Record excerpts:

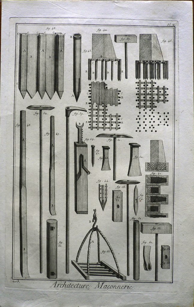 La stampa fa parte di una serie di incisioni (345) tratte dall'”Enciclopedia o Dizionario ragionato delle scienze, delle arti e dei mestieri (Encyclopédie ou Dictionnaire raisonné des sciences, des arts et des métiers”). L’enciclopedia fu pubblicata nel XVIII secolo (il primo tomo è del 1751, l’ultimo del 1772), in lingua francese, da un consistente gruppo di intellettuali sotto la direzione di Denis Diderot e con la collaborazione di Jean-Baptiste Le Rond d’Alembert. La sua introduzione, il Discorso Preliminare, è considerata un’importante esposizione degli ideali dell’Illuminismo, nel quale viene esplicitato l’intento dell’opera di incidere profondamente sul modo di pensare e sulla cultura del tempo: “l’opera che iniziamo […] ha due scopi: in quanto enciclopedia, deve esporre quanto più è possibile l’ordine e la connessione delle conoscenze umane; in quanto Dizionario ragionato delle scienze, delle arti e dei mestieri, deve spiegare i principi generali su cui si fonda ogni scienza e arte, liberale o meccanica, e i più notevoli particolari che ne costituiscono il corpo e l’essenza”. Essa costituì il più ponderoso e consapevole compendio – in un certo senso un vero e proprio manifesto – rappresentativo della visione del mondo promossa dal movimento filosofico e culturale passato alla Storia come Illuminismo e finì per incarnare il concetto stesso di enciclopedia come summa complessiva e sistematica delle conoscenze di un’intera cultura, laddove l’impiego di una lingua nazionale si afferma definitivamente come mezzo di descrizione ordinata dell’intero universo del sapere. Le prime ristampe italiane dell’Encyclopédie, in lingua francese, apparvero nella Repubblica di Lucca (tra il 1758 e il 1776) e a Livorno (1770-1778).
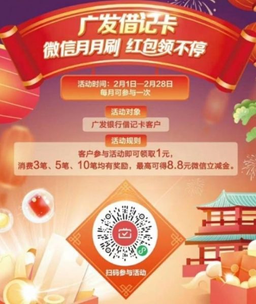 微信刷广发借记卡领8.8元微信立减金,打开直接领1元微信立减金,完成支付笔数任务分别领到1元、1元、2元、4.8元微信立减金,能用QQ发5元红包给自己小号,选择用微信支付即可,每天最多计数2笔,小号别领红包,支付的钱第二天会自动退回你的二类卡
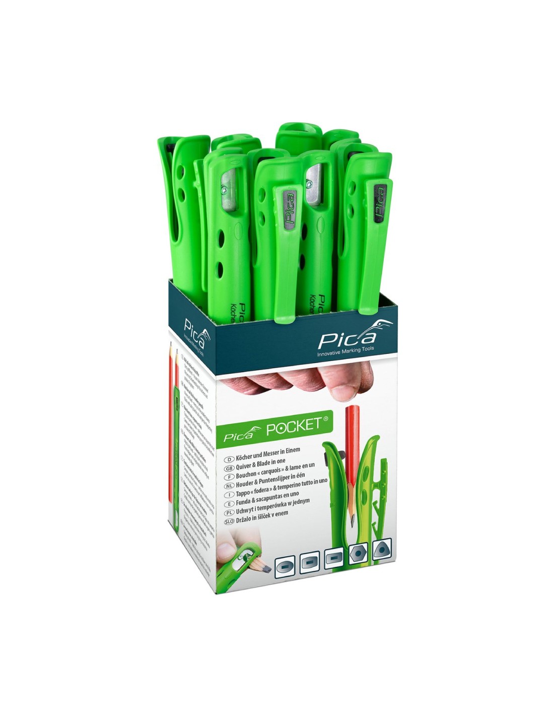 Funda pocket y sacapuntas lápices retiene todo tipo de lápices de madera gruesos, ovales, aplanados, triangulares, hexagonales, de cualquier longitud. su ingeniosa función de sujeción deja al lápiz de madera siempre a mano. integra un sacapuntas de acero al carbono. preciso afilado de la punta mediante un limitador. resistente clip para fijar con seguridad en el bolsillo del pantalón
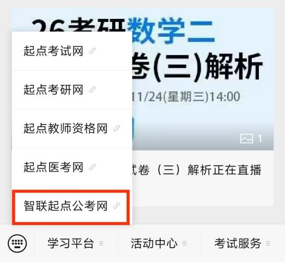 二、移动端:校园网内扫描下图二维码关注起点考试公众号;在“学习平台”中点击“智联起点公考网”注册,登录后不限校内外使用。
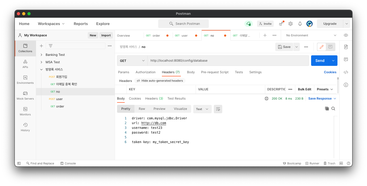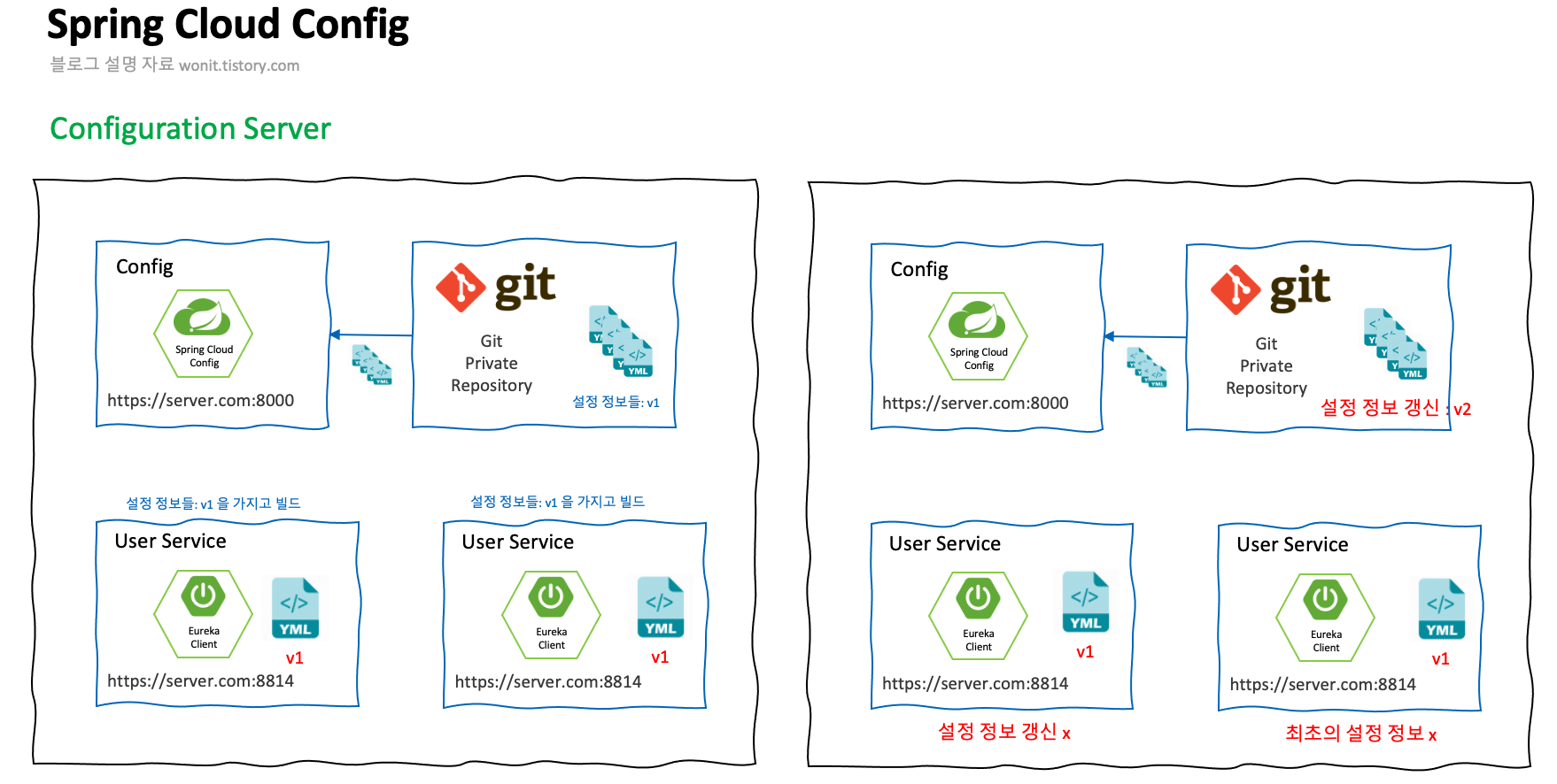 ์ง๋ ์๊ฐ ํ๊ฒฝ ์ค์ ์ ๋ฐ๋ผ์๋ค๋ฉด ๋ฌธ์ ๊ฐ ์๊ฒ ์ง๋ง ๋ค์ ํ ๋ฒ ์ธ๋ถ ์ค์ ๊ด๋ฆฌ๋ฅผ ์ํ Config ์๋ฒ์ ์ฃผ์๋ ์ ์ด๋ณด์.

What to do: Could you output every entry exactly as written, skipping the pictures?

Reply to the task:
 La stampa fa parte di una serie di incisioni (345) tratte dall'”Enciclopedia o Dizionario ragionato delle scienze, delle arti e dei mestieri (Encyclopédie ou Dictionnaire raisonné des sciences, des arts et des métiers”). L’enciclopedia fu pubblicata nel XVIII secolo (il primo tomo è del 1751, l’ultimo del 1772), in lingua francese, da un consistente gruppo di intellettuali sotto la direzione di Denis Diderot e con la collaborazione di Jean-Baptiste Le Rond d’Alembert. La sua introduzione, il Discorso Preliminare, è considerata un’importante esposizione degli ideali dell’Illuminismo, nel quale viene esplicitato l’intento dell’opera di incidere profondamente sul modo di pensare e sulla cultura del tempo: “l’opera che iniziamo […] ha due scopi: in quanto enciclopedia, deve esporre quanto più è possibile l’ordine e la connessione delle conoscenze umane; in quanto Dizionario ragionato delle scienze, delle arti e dei mestieri, deve spiegare i principi generali su cui si fonda ogni scienza e arte, liberale o meccanica, e i più notevoli particolari che ne costituiscono il corpo e l’essenza”. Essa costituì il più ponderoso e consapevole compendio – in un certo senso un vero e proprio manifesto – rappresentativo della visione del mondo promossa dal movimento filosofico e culturale passato alla Storia come Illuminismo e finì per incarnare il concetto stesso di enciclopedia come summa complessiva e sistematica delle conoscenze di un’intera cultura, laddove l’impiego di una lingua nazionale si afferma definitivamente come mezzo di descrizione ordinata dell’intero universo del sapere. Le prime ristampe italiane dell’Encyclopédie, in lingua francese, apparvero nella Repubblica di Lucca (tra il 1758 e il 1776) e a Livorno (1770-1778).
 微信刷广发借记卡领8.8元微信立减金,打开直接领1元微信立减金,完成支付笔数任务分别领到1元、1元、2元、4.8元微信立减金,能用QQ发5元红包给自己小号,选择用微信支付即可,每天最多计数2笔,小号别领红包,支付的钱第二天会自动退回你的二类卡
 Funda pocket y sacapuntas lápices retiene todo tipo de lápices de madera gruesos, ovales, aplanados, triangulares, hexagonales, de cualquier longitud. su ingeniosa función de sujeción deja al lápiz de madera siempre a mano. integra un sacapuntas de acero al carbono. preciso afilado de la punta mediante un limitador. resistente clip para fijar con seguridad en el bolsillo del pantalón
 二、移动端:校园网内扫描下图二维码关注起点考试公众号;在“学习平台”中点击“智联起点公考网”注册,登录后不限校内外使用。
 ์ง๋ ์๊ฐ ํ๊ฒฝ ์ค์ ์ ๋ฐ๋ผ์๋ค๋ฉด ๋ฌธ์ ๊ฐ ์๊ฒ ์ง๋ง ๋ค์ ํ ๋ฒ ์ธ๋ถ ์ค์ ๊ด๋ฆฌ๋ฅผ ์ํ Config ์๋ฒ์ ์ฃผ์๋ ์ ์ด๋ณด์.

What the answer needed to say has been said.